À travers l’histoire contemporaine d’Haïti, le couple essentialisation du créole/populisme linguistique a donné lieu à des dérives racialistes/racistes dont le corps social porte encore de profondes traces. Dans sa thèse de doctorat en histoire soutenue le 13 février 2023 à l’Université de Montréal et intitulée « Tout [n] était pas si négatif que ça » : les mémoires contestées du duvaliérisme au sein de la diaspora haïtienne de Montréal, 1964-2014 », Lyns-Virginie Belony précise que « Le raisonnement noiriste fut au cœur de la pensée duvaliériste. S’appuyant sur des différences biologiques entre Africains et Européens, il préconisait un « gouvernement noir pour un peuple noir. » Il se caractérisait également par sa relation conflictuelle avec le libéralisme. À ce sujet, l’historien Matthew Smit (2009) note que « noirisme was a strong anti-liberal component including the implementation of an authoritarian and exclusive state. » (« Le noirisme comportait une forte composante antilibérale, notamment la mise en place d’un État autoritaire et exclusif. ») [Notre traduction] Un peu plus loin dans son analyse, Lyns-Virginie Belony expose que « Si les textes qui ont inspiré Le problème des classes ne témoignent pas forcément d’un effort intellectuel rigoureux ni même d’un souci de nuances, leur importance comme outils de propagande promulguant une vision essentialiste, racialiste (pour ne pas dire raciste) et simpliste de l’histoire d’Haïti n’est pas dérisoire. En 1946, ils s’inscrivent dans une certaine lignée de pensée qu’il est nécessaire d’explorer, même si brièvement, pour comprendre l’apport du duvaliérisme » (Belony 2023, page 64). [Précision : le titre complet du livre de Lorimer Denis et Dr François Duvalier est « Le problème des classes à travers l’histoire d’Haïti », Éditions Fardin, 1965.]

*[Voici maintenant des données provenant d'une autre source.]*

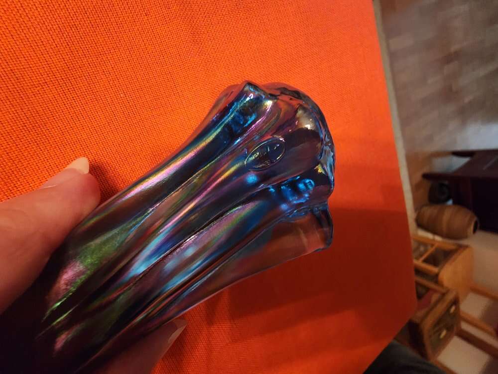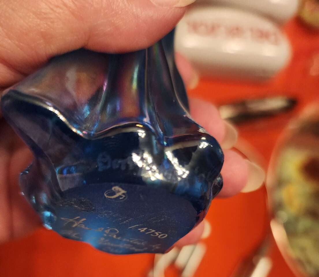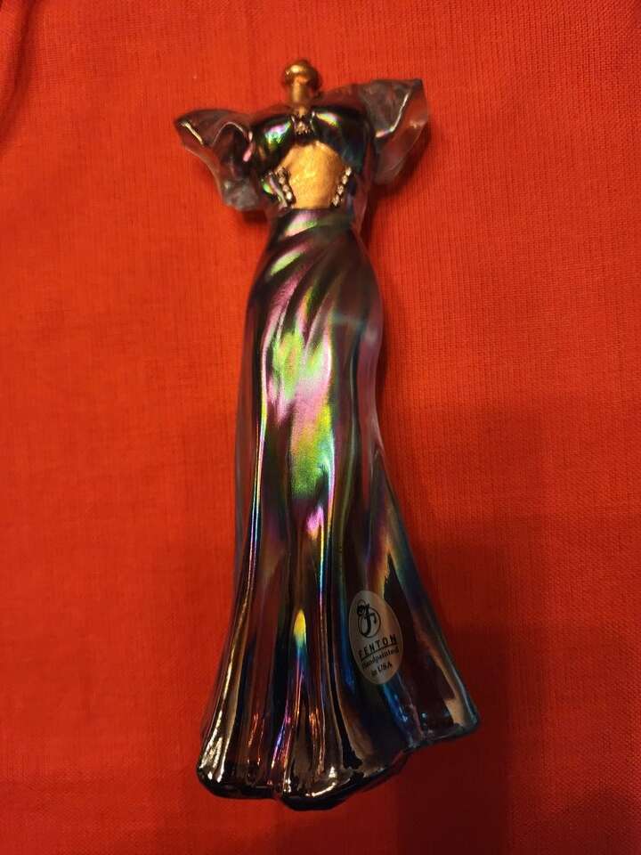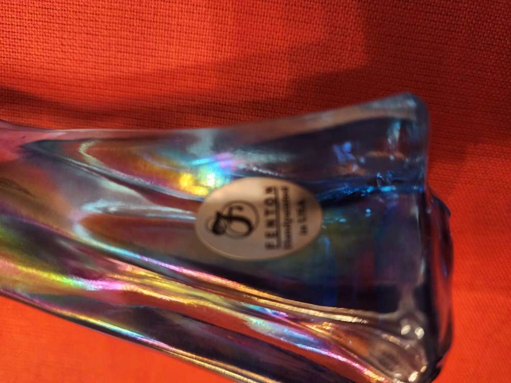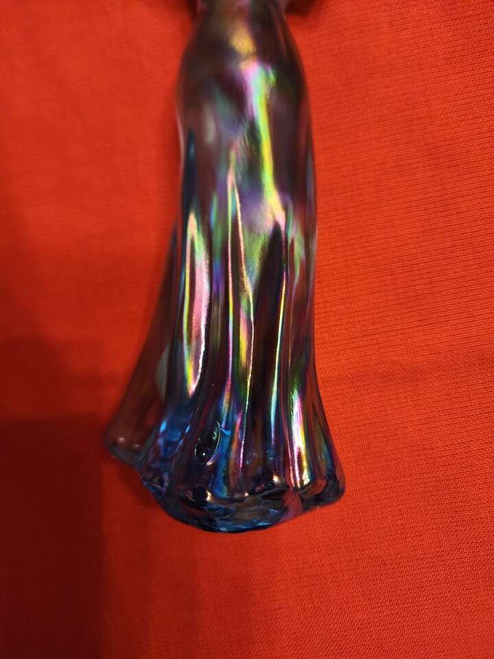 Fenton, Blue Carnival glass gown. Is 6.75" tall. 871/4750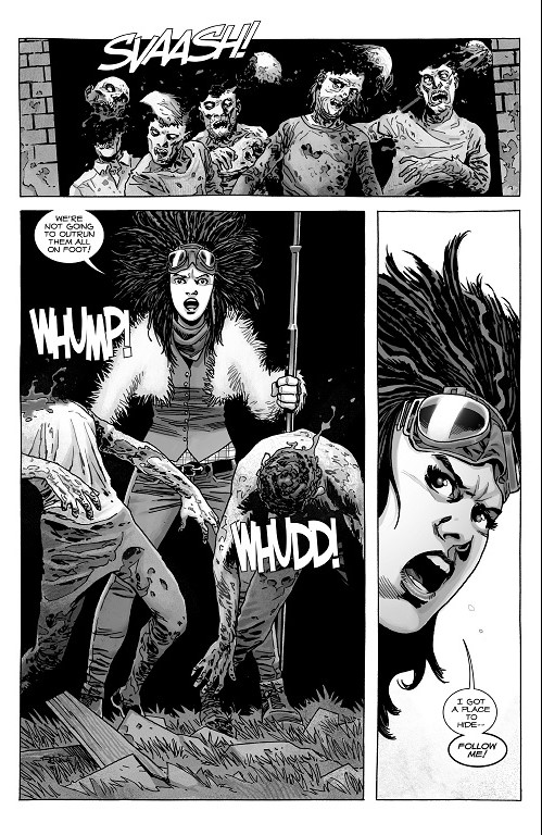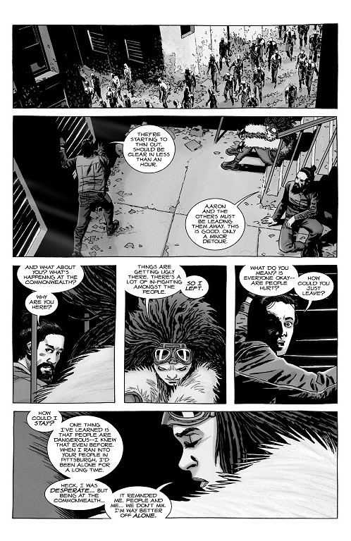 Ultimately, though, Princess does come out of hiding, all while hacking down some roamers in some very good artwork from Charlie Adlard. She motions for the others to follow her, but obviously they can’t all go. They won’t get rid of the roamers that way. So Jesus and Carl head to Princess’ hiding spot while Aaron, Siddiq, and Dante continue to lead the roamers away from their location.

Le discours racialiste-raciste du dictateur François Duvalier –dans lequel s’imbriquent le « noirisme », le « salut des classes moyennes noires » et la « réhabilitation de la race noire »–, a fait l’objet d’une intense propagande et a donné lieu à l’élaboration de plusieurs livres. Sur le registre de la propagande, la dictature de François Duvalier a eu ses intellectuels « en service commandé » : les frères Paul et Jules Blanchet, l’autoproclamé « historien » révisionniste Rony Gilot, l’idéologue raciste René Piquion (porte-étendard du « noirisme » et des « authentiques »), Gérard Daumec (le préfacier en 1967 du « Guide des « Œuvres essentielles » du docteur François Duvalier » paru à l’Imprimerie Henri Deschamps), le proto-nazi Gérard de Catalogne (admirateur de Pétain et de Maurras et responsable éditorial des « Œuvres essentielles » de François Duvalier). Lorimer Denis et François Duvalier ont publié conjointement leur livre-phare « Le problème des classes à travers l’histoire d’Haïti » aux Éditions Fardin, en 1965, et en 1967 François Duvalier a fait paraître le « Guide des « Œuvres essentielles » du docteur François Duvalier ». Dans « Le problème des classes à travers l’histoire d’Haïti », les auteurs consignent une lecture essentialiste-raciste de l’Histoire d’Haïti et totémisent la « race » noire de plusieurs façons : « Si nous remontons à notre passé colonial nous verrons que le colon avait institué ce sophisme de simple inspection pour justifier l’esclavage du noir. D’où le dogme d’infériorité de celui-ci inventé pour rayer la race noire de l’espèce humaine. » Et qualifiant Toussaint Louverture de « Génie de notre Race », ils exposent que « St-Domingue est désormais sous l’égide du Héros qui s’était promis d’en faire le berceau de la liberté de sa Race dans le Nouveau Monde, ce fait s’est accompli : du même coup il jeta les fondements d’une Civilisation Noire dans l’Hémisphère Occidental ». Poursuivant dans ce livre l’exposé de leur vision essentialiste-racialiste de l’Histoire d’Haïti, Lorimer Denis et François Duvalier établissent un lien consubstantiel entre « race » et « classe » : « Commentant la pensée d’Emmanuel Edouard, Duraciné Vaval écrit : « Nul plus que lui (sinon le Dr. Louis Joseph Janvier) ne s’est appesanti [sur] la question sociale haïtienne qui dérive d’une question de race. J’en prends occasion pour retenir votre attention sur ce fait que la question sociale haïtienne dérive d’une question de race ».